La storia che Rumiz racconta da “viator” è una commistione di usi, costumi, di scoperte di ruderi e di monumenti, di usi, costumi, pietanze, cibi di ogni tipo. Sapori, odori, miasmi del tempo perduto, sensazioni e miscugli di foschie delle Alpi passate con i sontuosi passi degli elefanti africani, si confondono in una perfetta armonia di suggestioni che fanno fare, insieme all’autore, il viaggio con lui.

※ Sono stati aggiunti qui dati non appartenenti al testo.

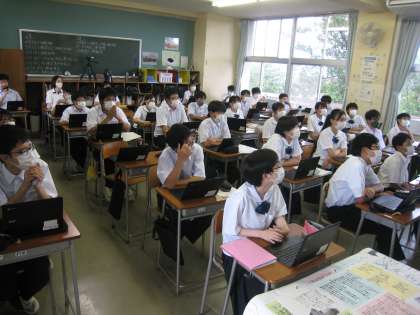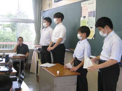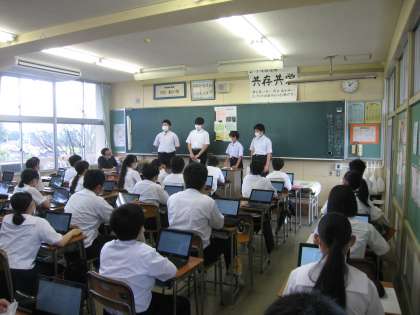 「社会に学ぶ『14歳の挑戦』」発表会 その1 公開日 2022/07/12 更新日 2022/07/12 学び合い認め合う学習 7月12日(火) 6限 総合 2年生が14歳の挑戦の発表会を行いました。事業所別のグループで、職場体験に関する感想やこれからの目標に向けての意見を述べました。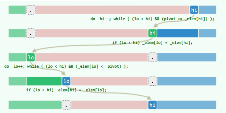 if ( lo < hi ) _elem[lo] = _elem[hi]; //阻挡者归入前缀L,即凡小于轴点者,归入L部分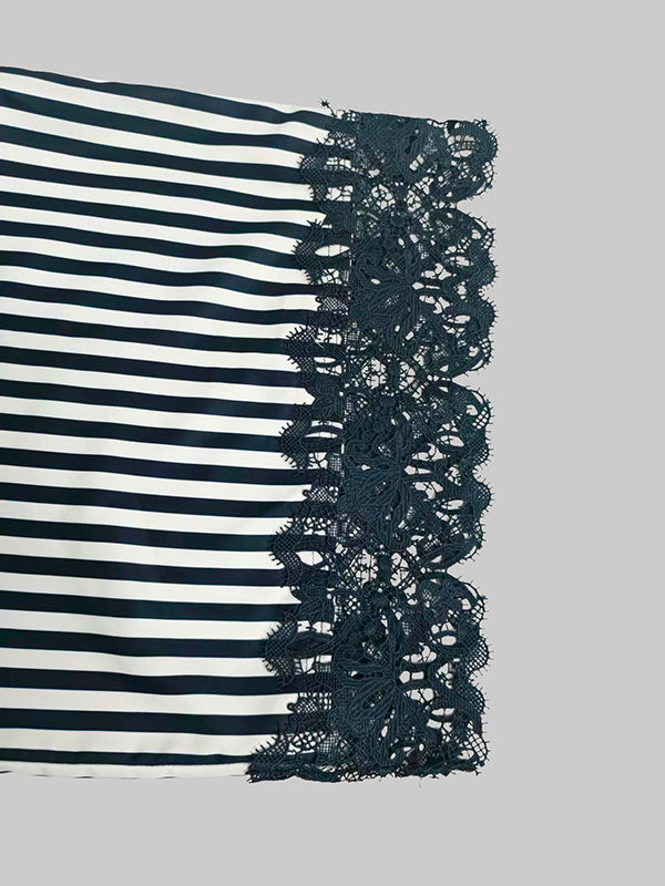 Loose Wide Leg Contrast Color Pockets Split-Joint Striped Pants Trousers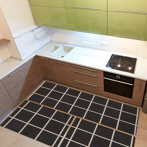 Tapete Cozinha 3 Peças Jacquard Antiderrapante Grid Maroom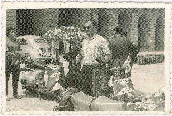 El sol a esas horas de la mañana ya apretaba en Santiago de Compostela. Al Señor Trigo, le sobra la chaqueta. De fondo una curiosa sombrilla de "Lugo, tierra de Nabos". Guillermo, hijo de Manuel Trigo Cebreiro, nos comenta que su padre nació en Lugo. "Cuando vió esa sombrilla, no se pudo resistir a inmortalizarla. Decía que Lugo era la mayor base "nabal" del mundo".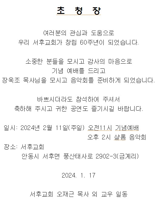 Á¦¸ñ   [°ø¹®] ¼­Èı³È¸ ⸳ 60Áֳ⠱â³ä¿¹¹è ¹× À½¾Çȸ(2/11)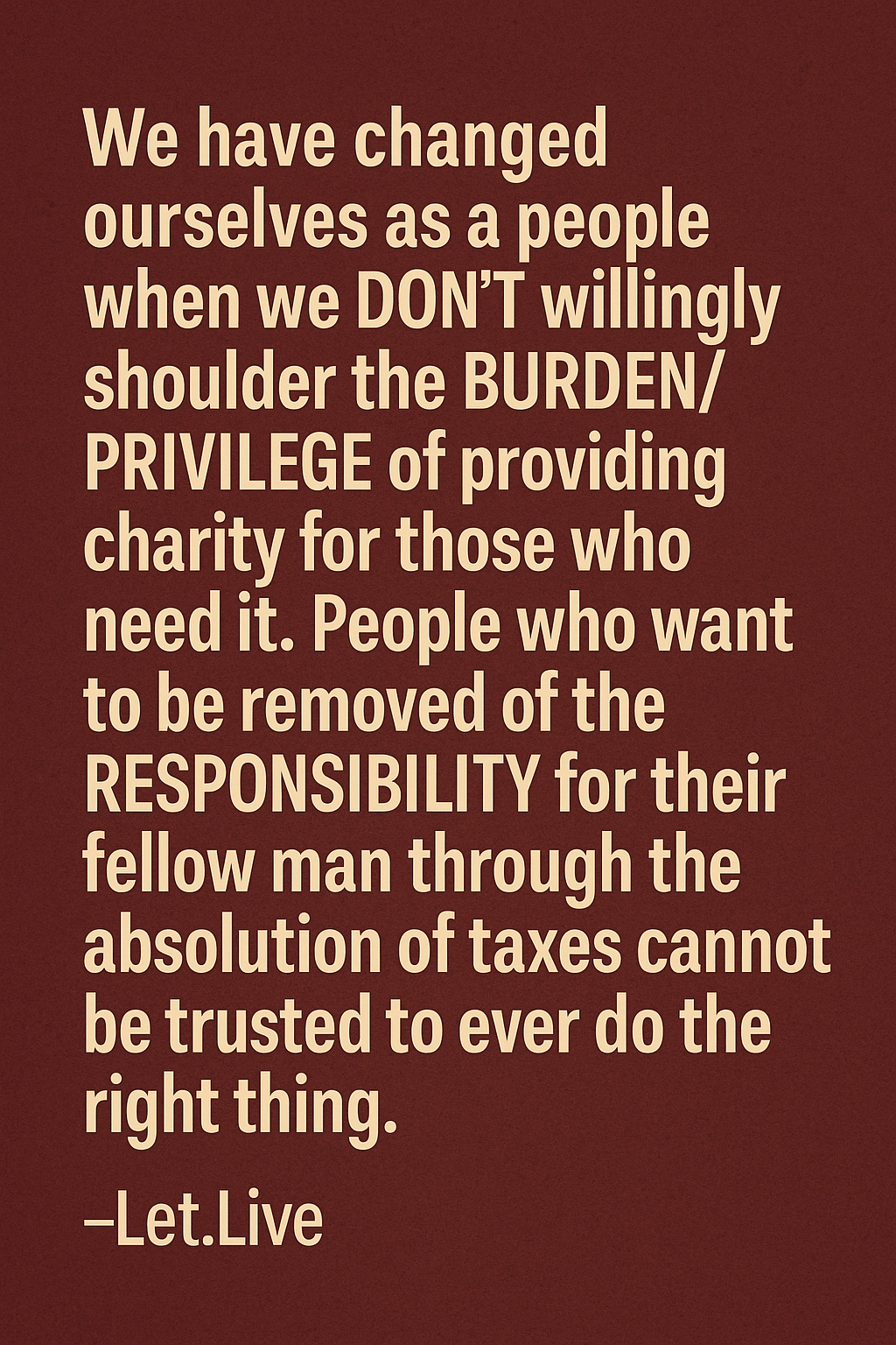 When people ask to be relieved of their obligations to their fellow man through systems that shift responsibility elsewhere, they reveal something deeper. Not just resistance to taxation—but resistance to care. And a society that trains itself to look away, or to leave it to someone else, cannot be trusted to protect the vulnerable when the system inevitably fails.

“Annibale” (Feltrinelli, 2013, quinta edizione 2017) è la meta da raggiungere; o, forse, per meglio dire è la costante presenza, il convitato di pietra che accompagna ogni passo dalle coste spagnole, dove il figlio Michele suggerisce al padre Paolo di percorrere ora lui i passi suoi, di invertire la rotta della vita, fino ai monti della Turchia e dell’Armenia, dove si perdono le mitologiche narrazioni bibliche, dove dovrebbe stare l’Arca delle arche, quella che si salvò dal diluvio universale.
La meticolosa puntualizzazione giornalistica di un indagatore del passato, completamente assorbito dalla straordinarietà del meticciato interculturale del presente nel bacino dell’ex Mare Nostrum, permette di andare alla scoperta di tutta una serie di particolarità locali che, tuttavia, non hanno alcun significato se non inserite nei contesti di un mondo globale che, nonostante ciò, rimane saldamente ancorato alla sua Storia: decisamente con la esse maiuscola.

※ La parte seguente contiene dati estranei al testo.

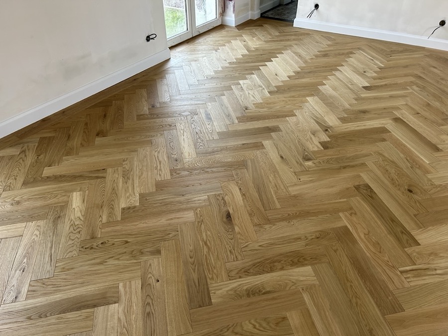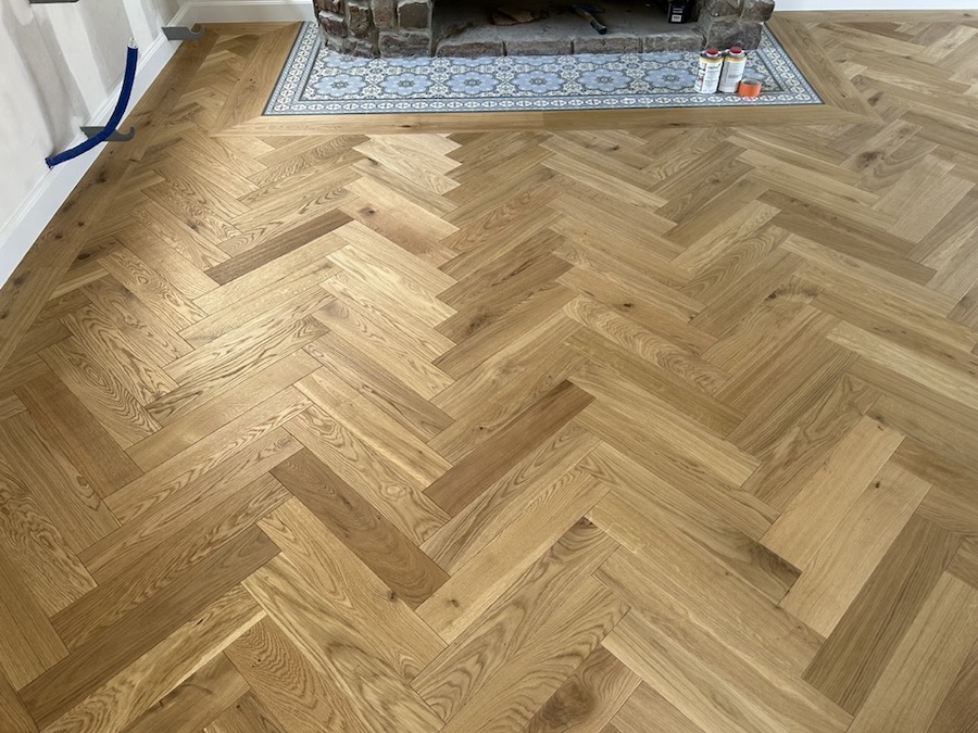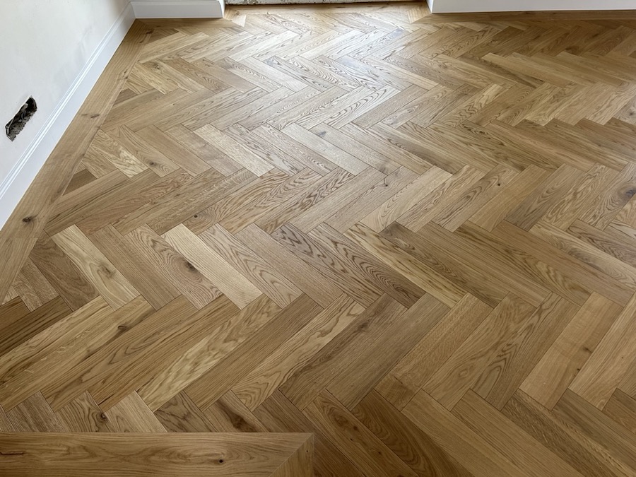 Ils ont choisi un parquet contrecollé en chêne brossé huilé naturel, posé en bâton rompu, un motif intemporel qui apporte élégance et mouvement à la pièce.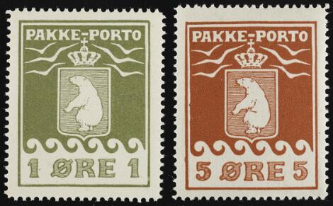 1915. 1 øre og 5 øre, 2. tryk. 2 flotte postfriske mærker. Begge signeret Wahl BPP og 5 øre også med attest LN.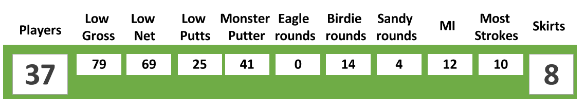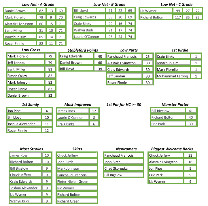 Monster Putter and First Sandy winners were absent by the prize giving. 4 players birdied the 1st hole with Craig Binks and Jongchun Lim there to collect their prize at the end of the day. Master of the greens this week was Francois Panchaud who had an impressive day with the flatstick to take home Low Putts of 25 whilst Low Gross was awarded to Jeff Landau for his 79 off the stick.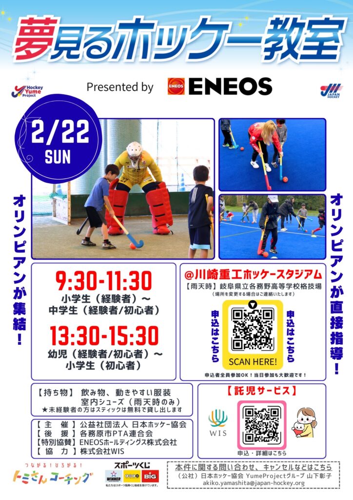 2月22日 (日) 川崎重工ホッケースタジアム (Aコート) にて、幼児~小学生・中学生 (未経験者・初心者・経験者)を対象に、「夢見るホッケー教室」を開催します。※託児サービスあり【雨天の場合は『岐阜県立各務野高等学校格技場』にて行ないます。】

Il generale cartaginese è anche qui, inevitabilmente, dibattito di confronto fra le grandezze: lui o Giulio Cesare? Lui o, meglio ancora, Scipione detto poi l'”Africano“? Chi fu il condottiero, lo stratega e il politico più grande. Non c’è giovane studente che non ne abbia sentito parlare almeno una volta, anche quello più lucignolescamente lazzarone, fantasticamente anarchico e rabbioso verso l’imposizione, vero il potere e l’incapacità di tramettere la conoscenza vera.
Segno che tutti e tre sono stati grandi. A loro modo. Ad Annibale si rimproverano gli “ozi di Capua“, a Cesare la dittatura perpetua, a Scipione di aver azzardato a Zama tutto il destino di una guerra. Lo spettro che si aggira per il libro – diario di viaggio di Rumiz è il fantasma di Tito Livio, ma pure quello di Polibio, nonché quello di un Archimede che vaga per una Siracusa che l’ha dimenticato storicamente, che se ne ricorda solo per operazioni di “marketing“.
L’avrete capito ormai: questa non è la storia di Annibale, ma è un viaggio tutto intorno a lui, tutto attraverso lui, per conoscere e, in particolare, ri-conoscersi in una linea di continuità dei millenni che dà un senso, quanto meno cronologico, dell’esistenza nostra in un mondo che è e rimane complicatissimo negli interscambi culturali, sociali e civili.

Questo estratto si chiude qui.